WHAT YOU HAVE TO DO → Leaving out all pictures, write down exactly the lines from the one containing "國王杯1/4決賽,馬競客場5" through the last line of the material.

DATA BELOW →
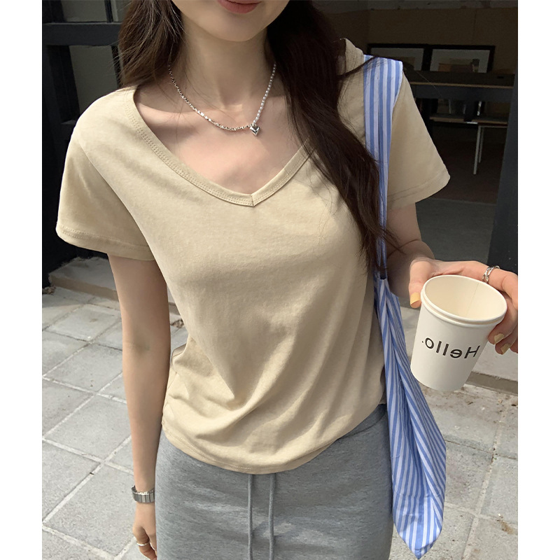 螺纹V领纯色短袖T恤女春夏新款内搭小个子体恤百搭修身上衣
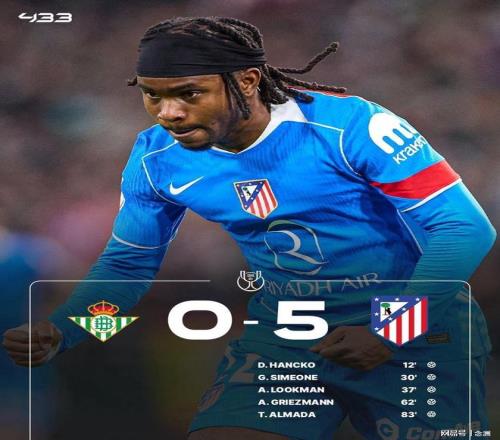 國王杯1/4決賽,馬競客場5-0大勝貝蒂斯晉級四強(qiáng)。上半場,漢茨科、小西蒙尼、盧克曼?連進(jìn)三球。易邊再戰(zhàn),盧克曼助攻格列茲曼再下一城,阿爾馬達(dá)錦上添花。
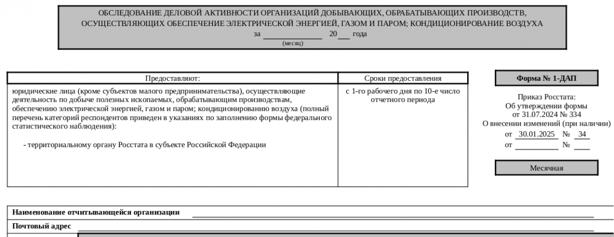 Порядок заполнения статистической формы 1-ДАП регламентирован приказом Росстата № 334 от 31.07.2024 (в редакции от 30.01.2025). В этом же документе можно найти и скачать бланк отчета.

ANSWER TO THE PROBLEM →
 國王杯1/4決賽,馬競客場5-0大勝貝蒂斯晉級四強(qiáng)。上半場,漢茨科、小西蒙尼、盧克曼?連進(jìn)三球。易邊再戰(zhàn),盧克曼助攻格列茲曼再下一城,阿爾馬達(dá)錦上添花。
 Порядок заполнения статистической формы 1-ДАП регламентирован приказом Росстата № 334 от 31.07.2024 (в редакции от 30.01.2025). В этом же документе можно найти и скачать бланк отчета.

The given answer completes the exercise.